--- DATASET EXCERPTS Enclosed Below ---

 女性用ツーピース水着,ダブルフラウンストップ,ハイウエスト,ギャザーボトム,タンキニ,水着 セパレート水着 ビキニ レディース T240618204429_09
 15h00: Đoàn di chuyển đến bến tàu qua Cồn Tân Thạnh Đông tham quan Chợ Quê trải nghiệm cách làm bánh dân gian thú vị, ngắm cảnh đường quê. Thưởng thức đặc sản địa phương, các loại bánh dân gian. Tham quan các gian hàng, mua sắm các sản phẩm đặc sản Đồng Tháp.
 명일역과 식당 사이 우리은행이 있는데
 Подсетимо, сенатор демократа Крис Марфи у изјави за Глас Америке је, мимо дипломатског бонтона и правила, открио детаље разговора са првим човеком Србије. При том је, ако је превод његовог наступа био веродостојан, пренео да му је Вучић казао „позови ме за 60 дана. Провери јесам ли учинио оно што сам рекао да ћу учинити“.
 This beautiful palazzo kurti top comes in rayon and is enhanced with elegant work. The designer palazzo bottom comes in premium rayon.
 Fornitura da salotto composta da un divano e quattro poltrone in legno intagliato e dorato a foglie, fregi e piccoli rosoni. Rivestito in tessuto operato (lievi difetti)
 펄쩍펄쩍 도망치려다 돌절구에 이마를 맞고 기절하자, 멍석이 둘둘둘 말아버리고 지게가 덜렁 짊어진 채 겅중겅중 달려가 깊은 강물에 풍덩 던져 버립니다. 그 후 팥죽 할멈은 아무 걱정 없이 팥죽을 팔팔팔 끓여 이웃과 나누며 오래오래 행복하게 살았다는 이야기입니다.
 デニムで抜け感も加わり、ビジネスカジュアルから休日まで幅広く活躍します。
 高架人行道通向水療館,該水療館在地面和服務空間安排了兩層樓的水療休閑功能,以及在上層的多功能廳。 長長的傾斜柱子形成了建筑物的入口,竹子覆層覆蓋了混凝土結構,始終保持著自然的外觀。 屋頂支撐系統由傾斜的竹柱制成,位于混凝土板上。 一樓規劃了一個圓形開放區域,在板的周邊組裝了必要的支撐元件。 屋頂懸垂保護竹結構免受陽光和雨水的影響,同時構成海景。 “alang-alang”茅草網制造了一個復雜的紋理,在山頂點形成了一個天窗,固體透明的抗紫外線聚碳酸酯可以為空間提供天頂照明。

--- End of Enclosed DATASET EXCERPTS ---

WHAT IS EXPECTED » Write each line of the data down again exactly as it reads.

OUTPUT FOR THIS TASK »
 女性用ツーピース水着,ダブルフラウンストップ,ハイウエスト,ギャザーボトム,タンキニ,水着 セパレート水着 ビキニ レディース T240618204429_09
 15h00: Đoàn di chuyển đến bến tàu qua Cồn Tân Thạnh Đông tham quan Chợ Quê trải nghiệm cách làm bánh dân gian thú vị, ngắm cảnh đường quê. Thưởng thức đặc sản địa phương, các loại bánh dân gian. Tham quan các gian hàng, mua sắm các sản phẩm đặc sản Đồng Tháp.
 명일역과 식당 사이 우리은행이 있는데
 Подсетимо, сенатор демократа Крис Марфи у изјави за Глас Америке је, мимо дипломатског бонтона и правила, открио детаље разговора са првим човеком Србије. При том је, ако је превод његовог наступа био веродостојан, пренео да му је Вучић казао „позови ме за 60 дана. Провери јесам ли учинио оно што сам рекао да ћу учинити“.
 This beautiful palazzo kurti top comes in rayon and is enhanced with elegant work. The designer palazzo bottom comes in premium rayon.
 Fornitura da salotto composta da un divano e quattro poltrone in legno intagliato e dorato a foglie, fregi e piccoli rosoni. Rivestito in tessuto operato (lievi difetti)
 펄쩍펄쩍 도망치려다 돌절구에 이마를 맞고 기절하자, 멍석이 둘둘둘 말아버리고 지게가 덜렁 짊어진 채 겅중겅중 달려가 깊은 강물에 풍덩 던져 버립니다. 그 후 팥죽 할멈은 아무 걱정 없이 팥죽을 팔팔팔 끓여 이웃과 나누며 오래오래 행복하게 살았다는 이야기입니다.
 デニムで抜け感も加わり、ビジネスカジュアルから休日まで幅広く活躍します。
 高架人行道通向水療館,該水療館在地面和服務空間安排了兩層樓的水療休閑功能,以及在上層的多功能廳。 長長的傾斜柱子形成了建筑物的入口,竹子覆層覆蓋了混凝土結構,始終保持著自然的外觀。 屋頂支撐系統由傾斜的竹柱制成,位于混凝土板上。 一樓規劃了一個圓形開放區域,在板的周邊組裝了必要的支撐元件。 屋頂懸垂保護竹結構免受陽光和雨水的影響,同時構成海景。 “alang-alang”茅草網制造了一個復雜的紋理,在山頂點形成了一個天窗,固體透明的抗紫外線聚碳酸酯可以為空間提供天頂照明。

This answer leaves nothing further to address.